Coolant always circulates through the engine when it is running. Without oil, the coolant will still keep the engine from overheating
for the very brief time it will run before siezing due to lack of lubrication. I think the best way to determine which heats up faster is take a car with an oil temperature readout, start it cold, drive it and see what happens.

Interesting question
Coolant (1/2 ethelyn glycol and 1/2 water) transmits heat much faster than oil.
Water (unmixed) transmits heat faster than coolant.
oil transmits heat relatively slowly.

However, oil washes heat down from the surfaces of of the cyliners
and the combustion temperatures can get over 3,000F. Coolant, while not directly exposed to the combustion temperatures, actually has far more exposure than oil to high temperatures because it’s spread out over the suface opposite the cylinders, ittentionally to soak up the heat. But then it’s rapidly cooled, which the oil is not.

There’s also the issue that materials that transmit heat more readily can feel hotter than materialos that do not. And vice versa. Aluminum at 70F feels cool. Wood at 70F feels like it’s the same temperature as your hand. Sit on a 40F aluminum stadium seat and it’ll suck the heat right out of your lower cheeks. Sit on a 40F wooden seat and it’ll feel just a bit cool.

So, IMHO, while the oil is soaking up heat from cylinder walls areas of which are being exposed to a few thousannd degrees and more, and the oil has no cooling system, it probably gets hotter
but doesn;t feel it because it transmits heat relatively poorly. It’s slow transmission of heat, however, probably means it takes longer to get hot.

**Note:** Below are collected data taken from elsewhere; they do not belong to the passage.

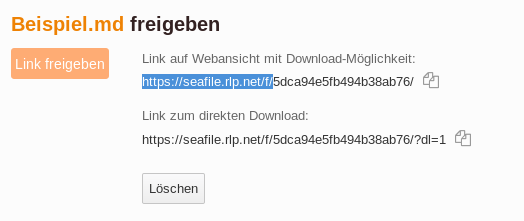 Mit einem Klick auf die kleine Schaltfläche hinter den Links, kann der jeweilige Link kopiert werden.
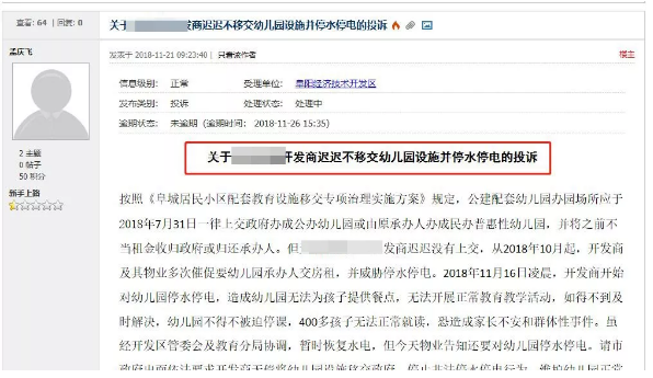 投诉上写着按照《阜城居民小区配套教育设施移交专项治理实施方案》规定;公建配套幼儿园办园场所应于,2018年7月31日一律上交政府,办成公办幼儿园或由原承办人,办成民办普惠性幼儿园并将之前不当租金收归政府或归还承办人。
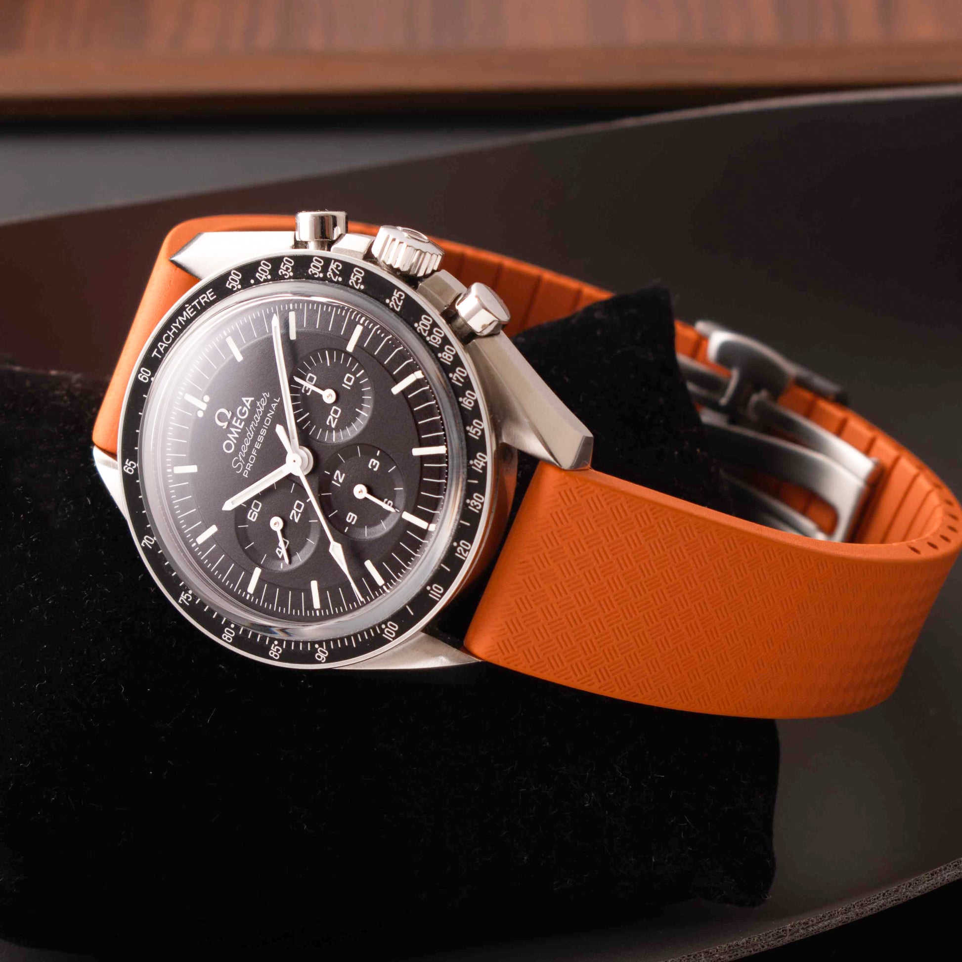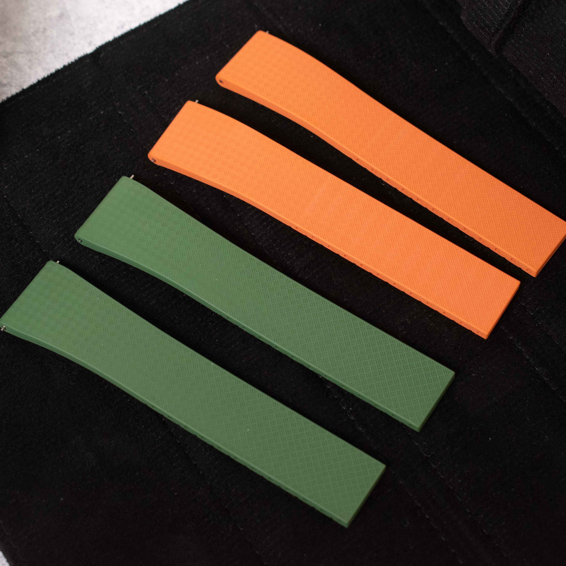 Crafted from high-grade FKM rubber, the strap follows a contemporary tapered profile, aligning with today’s design preferences while keeping proportions balanced. The clean, refined finish complements larger and sport-driven watches without overpowering them.
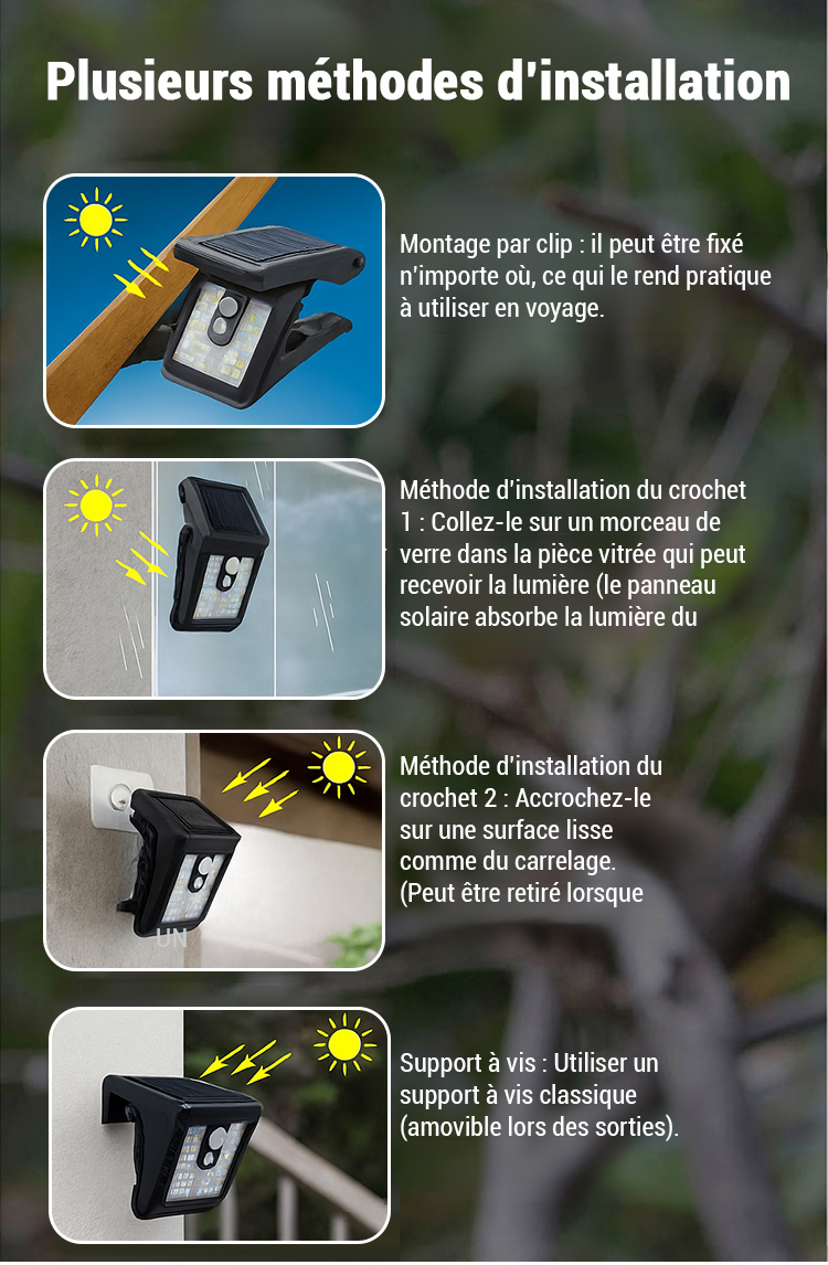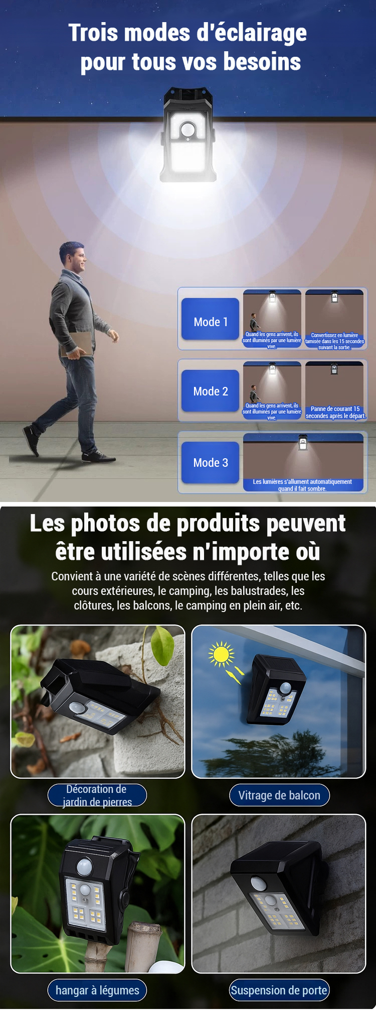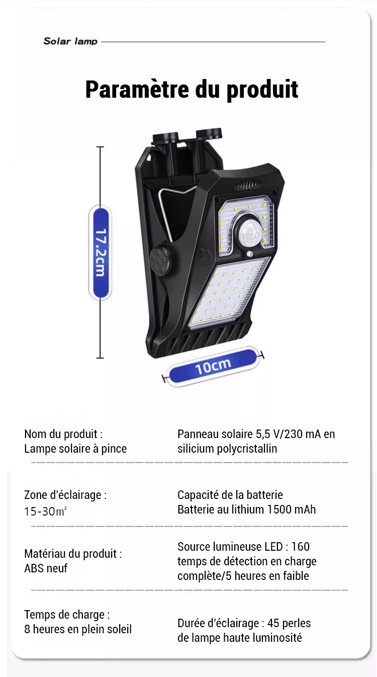 【Prix direct usine】Lampe solaire à capteur avec clip
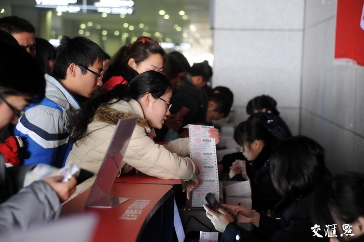 开售春运车票当日,南京火车站新增加10个临时售票窗口,使站区内售票窗口达100多个,有效避免了旅客排长队现象。王岩棣摄 视觉江苏网供图
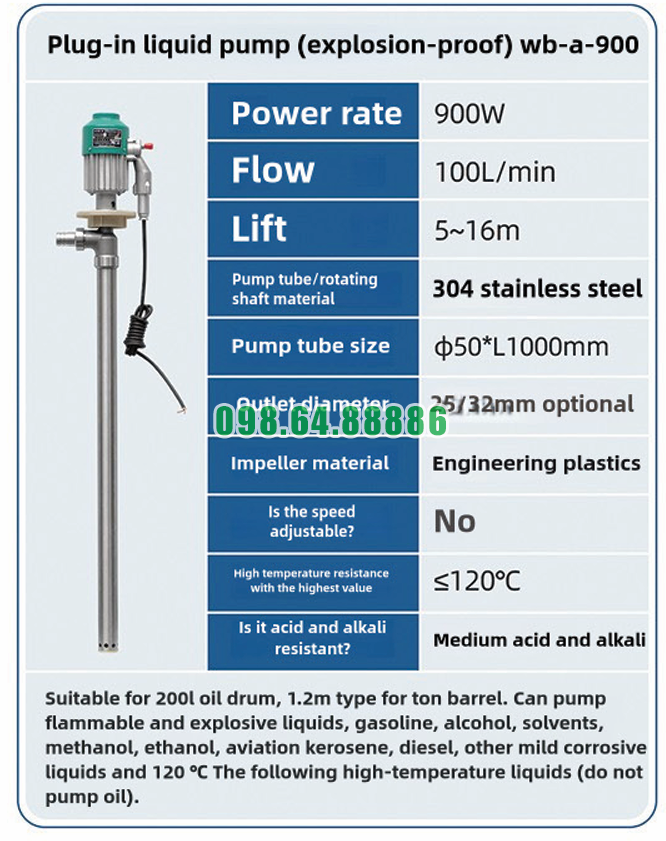 Máy bơm chất lỏng inox 304 chống cháy nổ WB-A-900 phù hợp với các tiêu chuẩn hình học công nghiệp nhờ chiều dài ống bơm 1000mm, tương thích với thùng phuy 200 lít và bồn IBC cao khoảng 1,2m.
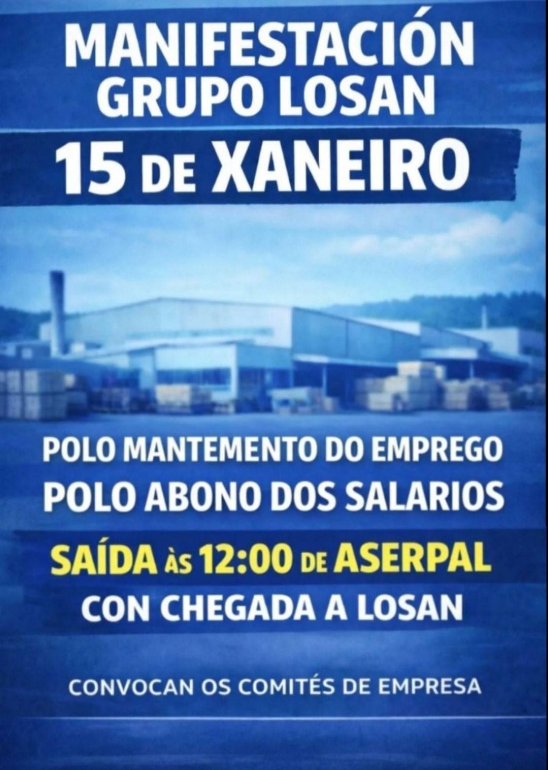 Traballadoras e traballadores do Grupo Losán, con presenza na provincia da Coruña a través das súas instalacións de Curtis e Vilasantar, teñen convocadas mobilizacións o 15 de xaneiro para denunciar o impago das dúas últimas nóminas e o que cualifican como un ‘deterioro irreversible’ da situación da compañía. As protestas están previstas ás 12.00 h e desenvolveranse de maneira simultánea en todos os centros de traballo do grupo.
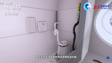 衛生間里的馬桶是專(zhuān)為航天員研制的。它內部安裝了一個(gè)風(fēng)機,其產(chǎn)生的氣流會(huì )將所有排泄物吸進(jìn)內部,并將其抽真空封裝存儲。
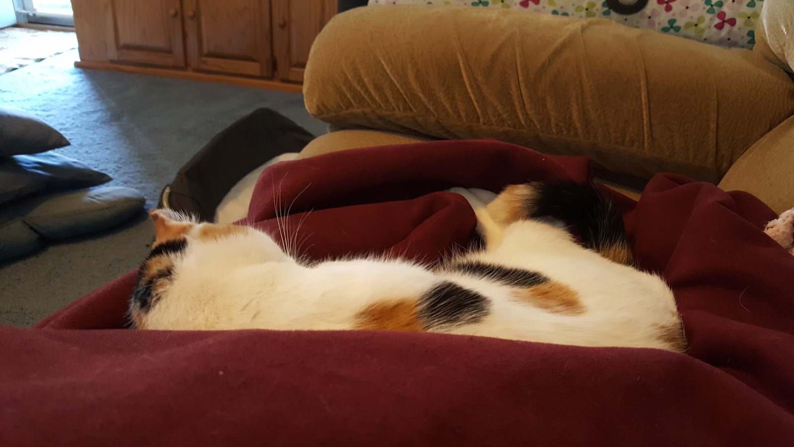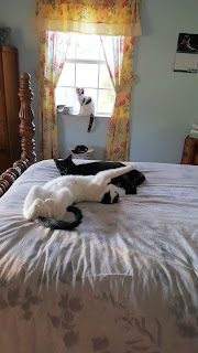 Look at you two lolling around on the bed! Oh, that made me laugh. The crew here always springs right up when I try to catch them napping!
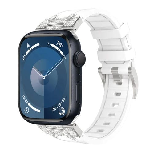 Correa de Silicona para Apple Watch Series 9 45mm con Diseño de Cielo Estrellado y Diamantes (Blanca)
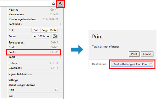 下の図は、Google Cloud Printが利用できるウェブブラウザーから印刷するときの画面の例です。Google Cloud Printに対応したアプリやサービスによって印刷するときの画面は異なります。
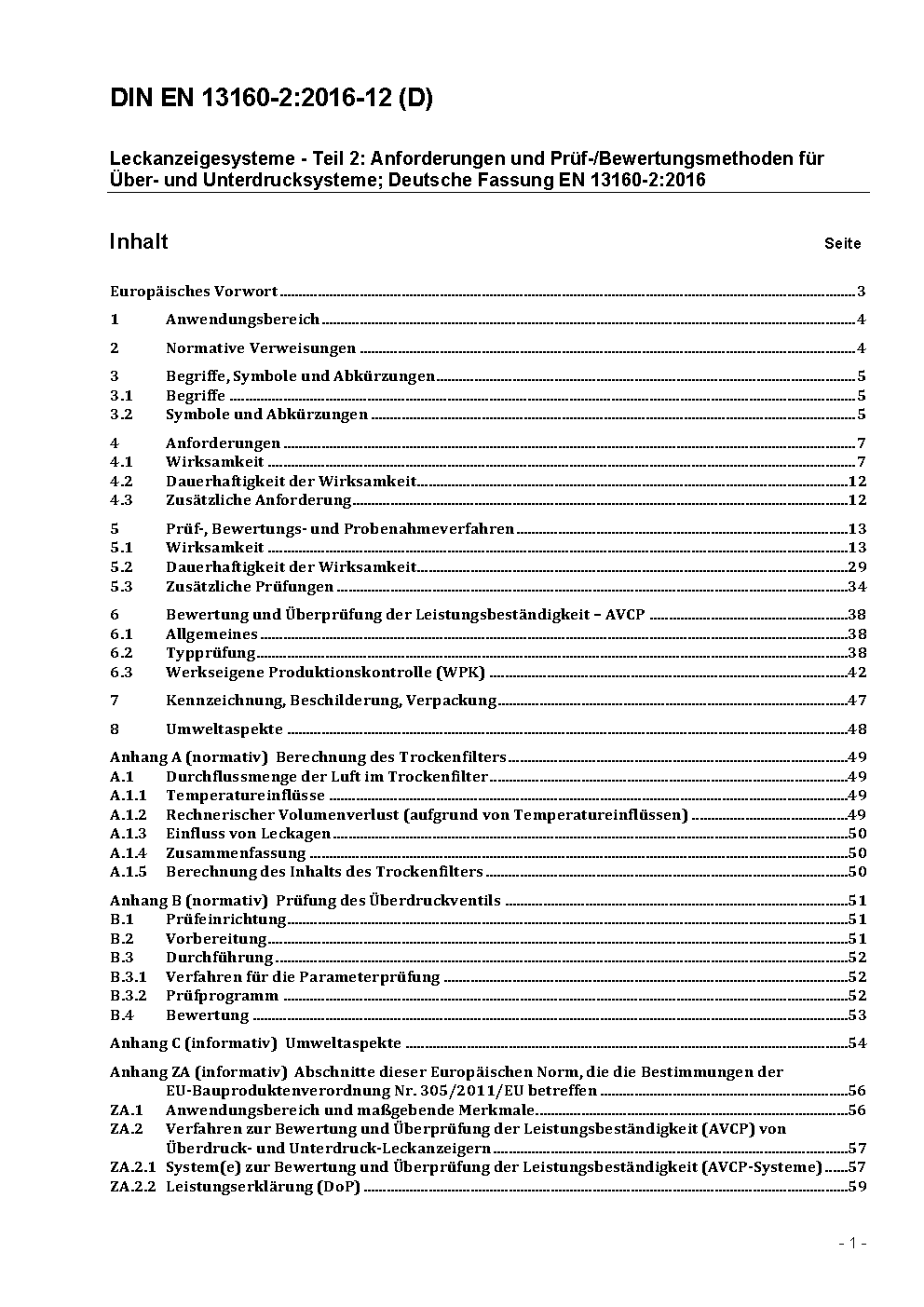 Leak detection systems - Part 2: Requirements and test/assessment methods for pressure and vacuum systems; German version EN 13160-2:2016

Oil can get much hotter then coolant which is designed to remain at a fairly constant thermostatically controlled temp. Operating temperature of the oil is variable. The question has no real answer as the oil will reach operating temperature at lighter loads quicker the coolant but the motor and the oil lubricating it may take longer to reach a higher operating temperature while hill climbing or towing. Heck, theoretically, the coolant will never reach the temperature of the oil under these conditions so will lag behind oil temps well over 200 degrees while coolant could remain well under.

And you thought this was a simple question


"The question is simple, in a cold engine after start up which one is warming up to operating temperature first? "

It says so in the first 4 words ;=)
now the answer ?

From my experience I do believe the coolant comes up to operating temp first, then the oil follows. Just warming a car up for an oil change kind of confirms it because just because the coolant is at operating temp, the oil can come out luke warm.

Point made.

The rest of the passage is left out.